### Supplied information
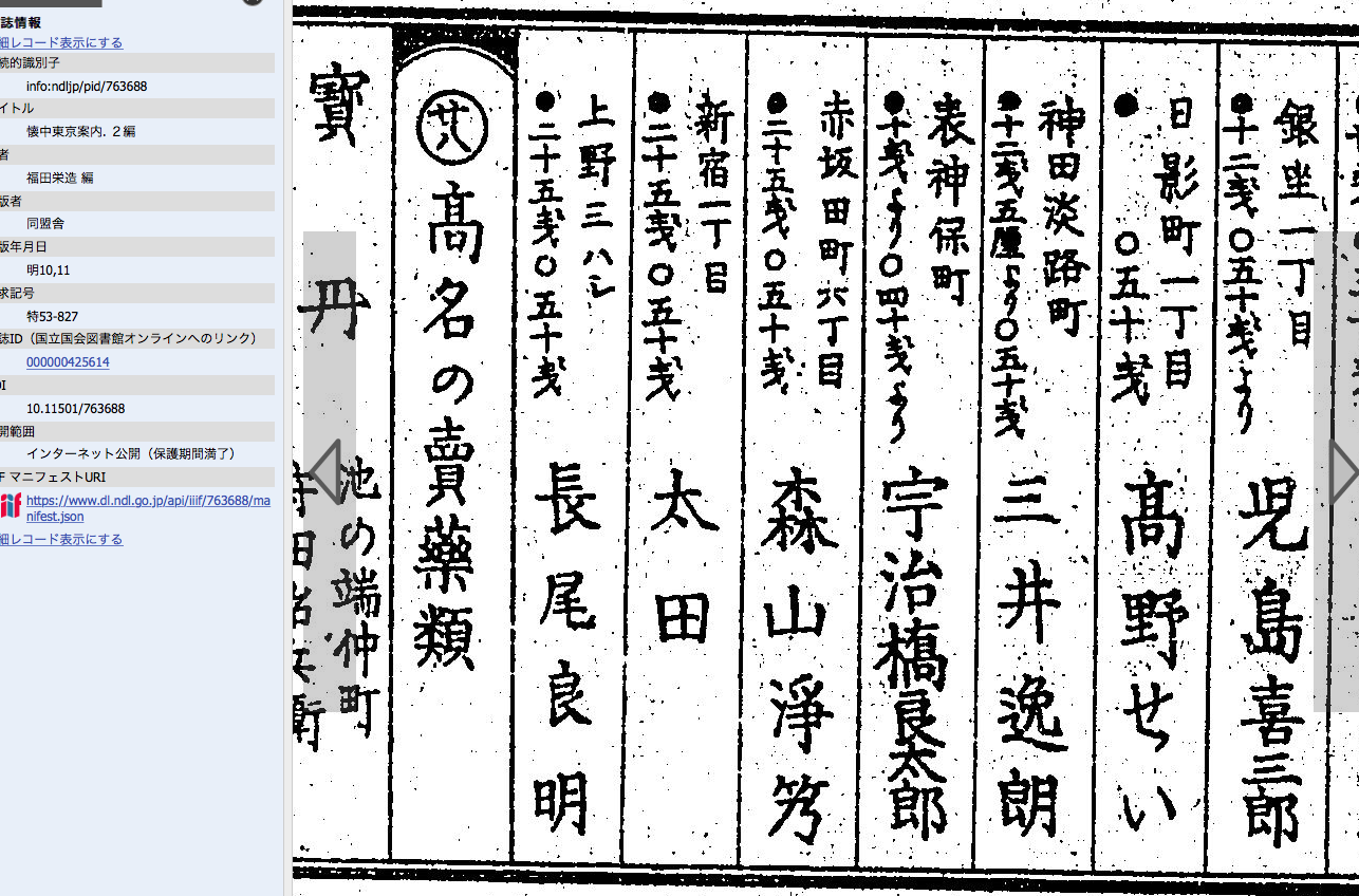 赤坂桐畑すなわち赤坂田町六丁目とある仮称森山写真館が乗っている明治十年の懐中東京案内![]() 号の淨タケカンムリに乃? ただし、タケカンムリに乃という漢字は無い 推測するに版木屋さんが 残念なことに明治十四年版にも継承されたうえに なんと! 改正東京案内 | ||||||
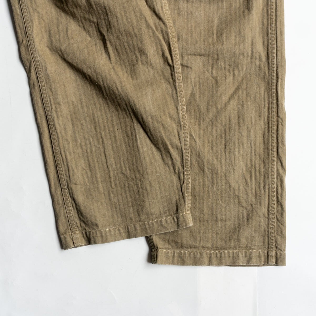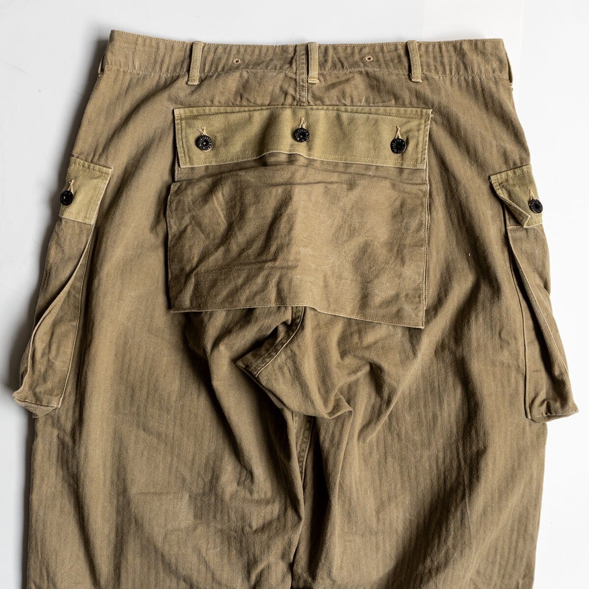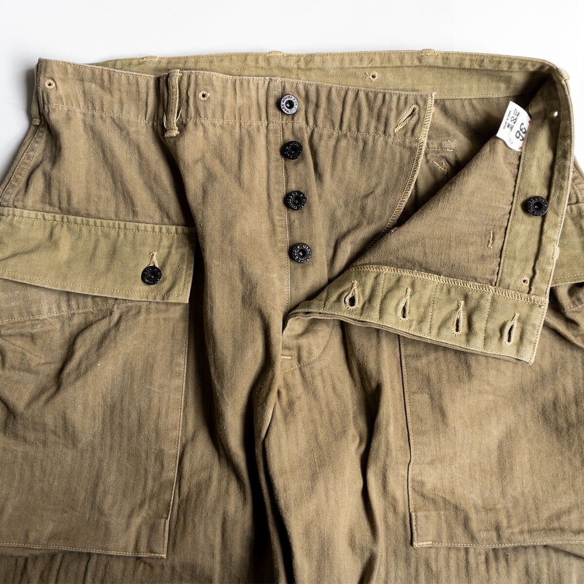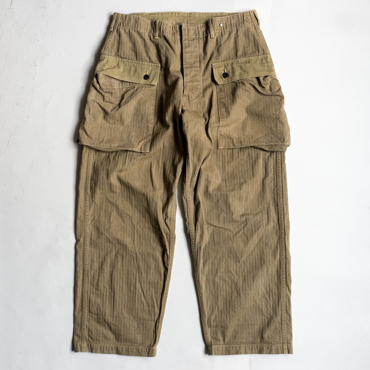 モンキーパンツの愛称で親しまれる’40年代にアメリカ海兵隊で採用されていたM44型のモデルがベースとなっています。畝感の強いヘリンボーンツイルも忠実に再現しており、深くゆったりとした股上を十分に生かすため、レングスは短めに設定しています。また希少なミシンで施されたウエストバンドと裾にあしらわれた菊孔がポイントです。お探しの方は是非。
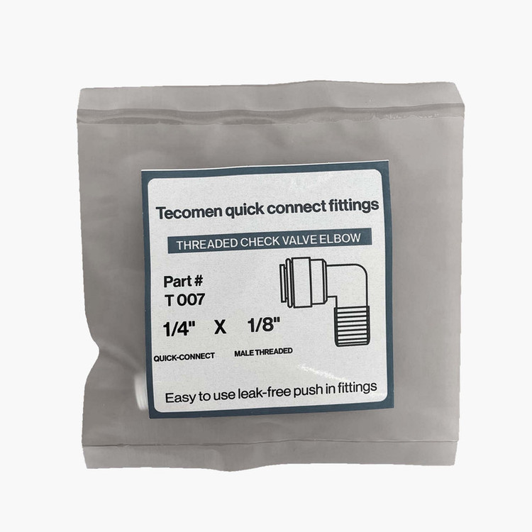 این قطعه به نام زانو سوپاپ دار شناخته میشود و در قسمت خروجی آب تصفیه شده هوزینگ ممبران متصل میشود. سوپاپ موجود در این زانو مانع برگشت آب تصفیه شده از مخزن میشود. این قطعه ساخت شرکت معتبر تکومن ویتنام است.
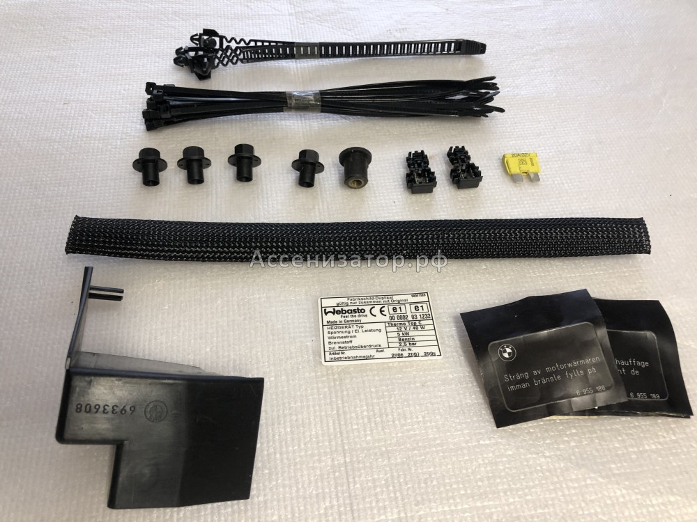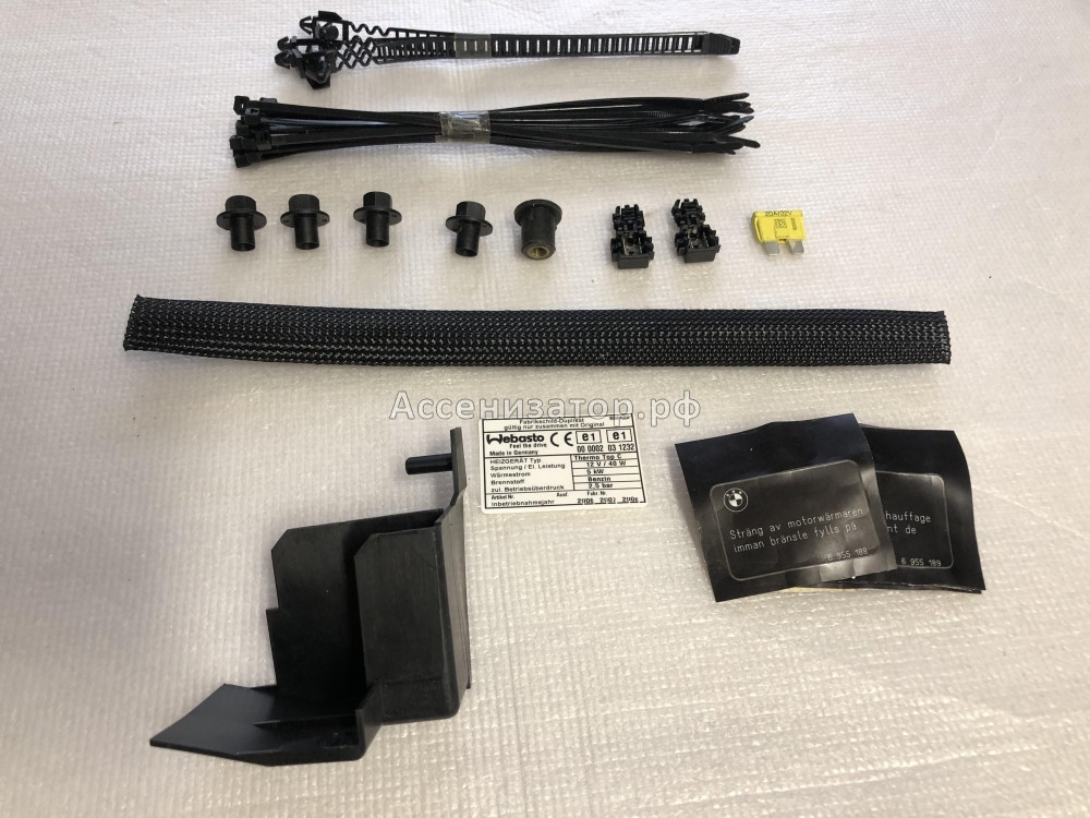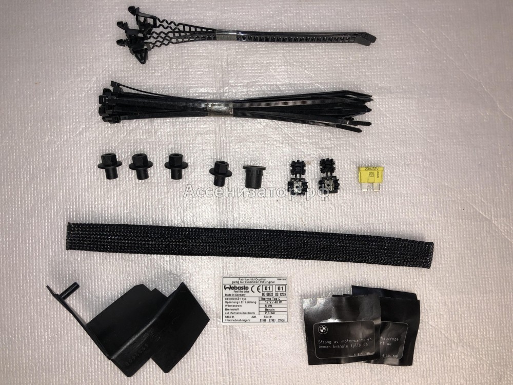 Комплект крепежа WEBASTO BMW E60 (втулки 5 шт, хомуты, разьемы 2 шт, крепеж, предохранитель) 64500396436

### What you will do
Set down the material above exactly as it reads, but not its pictures.

### Exercise output
 赤坂桐畑すなわち赤坂田町六丁目とある仮称森山写真館が乗っている明治十年の懐中東京案内![]() 号の淨タケカンムリに乃? ただし、タケカンムリに乃という漢字は無い 推測するに版木屋さんが 残念なことに明治十四年版にも継承されたうえに なんと! 改正東京案内 | ||||||
 モンキーパンツの愛称で親しまれる’40年代にアメリカ海兵隊で採用されていたM44型のモデルがベースとなっています。畝感の強いヘリンボーンツイルも忠実に再現しており、深くゆったりとした股上を十分に生かすため、レングスは短めに設定しています。また希少なミシンで施されたウエストバンドと裾にあしらわれた菊孔がポイントです。お探しの方は是非。
 این قطعه به نام زانو سوپاپ دار شناخته میشود و در قسمت خروجی آب تصفیه شده هوزینگ ممبران متصل میشود. سوپاپ موجود در این زانو مانع برگشت آب تصفیه شده از مخزن میشود. این قطعه ساخت شرکت معتبر تکومن ویتنام است.
 Комплект крепежа WEBASTO BMW E60 (втулки 5 шт, хомуты, разьемы 2 шт, крепеж, предохранитель) 64500396436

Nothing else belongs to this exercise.